The only minor complaint I had about this book, and it really is miniscule, is that some of the foreshadowing felt a little heavy handed. Other than that, the obstacles and challenges Alice and the other characters faced were believable, varied and entertaining. I loved the way flashbacks were incorporated into this book, and the slow dawning realisations Alice came to, and then fought back with denial, only to slowly come to accept it once more.  

The characters in this book were varied and entertaining, as always, addressing heavy themes like forced marriage, cannibalism, slavery and the ethics of colonisation without becoming tragic or gloomy. There are some clear feminist themes in this book that I love to see, especially given the time in which Alice would have been born. I love the representation of people with all kinds of values/priorities, I think the mark of a good writer is when not all good, strong, or admirable people are presented as having the same strengths and weaknesses. Alice is not Verity with different hair, or Antimony if she jumped through dimensions for a few decades. She’s a fully fledged character in her own right, and I loved getting a chance to know more about her.

LGBTQ+ representation in this series continues to be top tier, and I loved the way various types of relationships that Alice had (professional, familial, romantic, platonic) are highlighted in Spelunking through Hell.

Spelunking through Hell will be a delight to any long-time fans of Seanan McGuire, and I also think this book would appeal to people who enjoyed VE Schwab’s Shades of Magic or The Invisible Life of Addie LaRue; and would also be a good choice for anyone who enjoyed The Dresden Files, Liz Williams’s Poison Master or Karen Marie Moning’s Fever series.

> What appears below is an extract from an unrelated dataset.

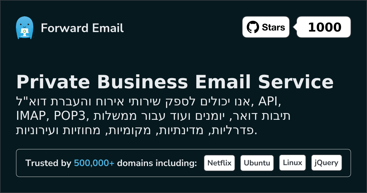 ארגונים ועסקים מובילים ברחבי העולם מסתמכים על שירות הדוא"ל המאובטח והאמין שלנו.
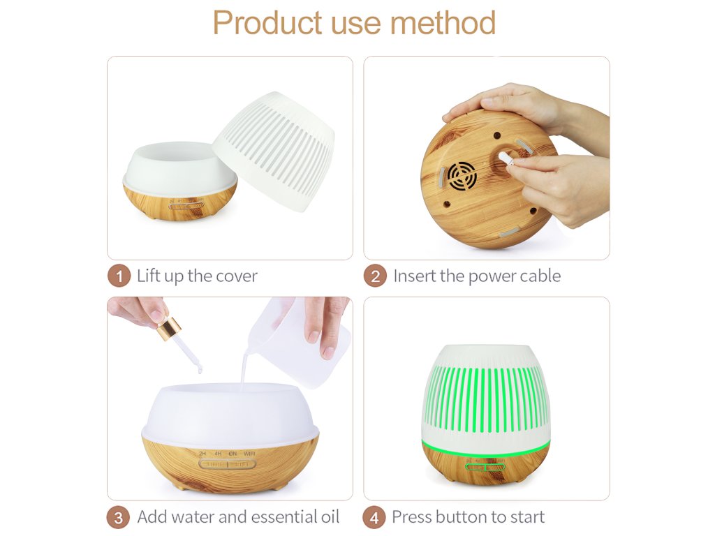 Zdejmij górną część dyfuzora, dodaj odpowiednią ilość wody i kilka kropli esencji zapachowej według własnych preferencji, naciśnij przycisk ON, połącz dyfuzor z Wi-Fi i steruj za pomocą aplikacji TuyaSmart. Możesz połączyć dyfuzor z Amazon Alexa / Google Home i za pomocą głosu wygodnie sterować inteligentnym dyfuzorem, w tym kolorami, timerem, ustawieniami mgiełki i innymi funkcjami.

*Spoilers lie beyond this point, read on at your peril*

I was happy that Thomas and Alice were equally dedicated and stayed faithful throughout their separation, and if the aging pause they both managed seemed a little coincidental, I’ll allow it for the story. Any other situation would have resulted in a lot of angst that may have been believable, but would not have been half as fun to read.

I thought Alice’s blindspot regarding Naga was very well written, she’d endured so much at his hand, and known him for such a long time, that she never thought to question him. I’m also glad that the giant snake ended up being evil not because reptiles bad (a lot of fantasy treats races as a monolith, with good and bad characters being defined by genetics alone, something I find pretty boring and unbelievable) but because he was greedy, a far more universal motivator. I also think the ‘you betrayed me and I would’ve made this choice myself if you’d allowed me to’ is always a heart-wrenching dynamic.

 I was happy that Thomas was always unfailingly respectful of Alice’s autonomy, up to and including allowing her to risk her life. He may be from the 20s or something, but Thomas is a feminist. I can’t wait for him to meet his children and grandchildren, and the outcasts that have been adopted in his absence. The possibilities of him interacting with Antimony, Dominic, James, his children, Sarah, his new great-grandchild and honestly any of the Price-Healy’s is a fascinating one, and I cannot wait to see where the story goes from here.

I also can’t wait to see James and Sally’s reunion and interactions, and I was glad to know that they’re both gay so there’s no annoying ‘destined love’ trope. I always appreciate platonic love being treated as seriously as romantic love, and I adore the gleeful LGBTQ+ representation that Seanan McGuire brings to her books.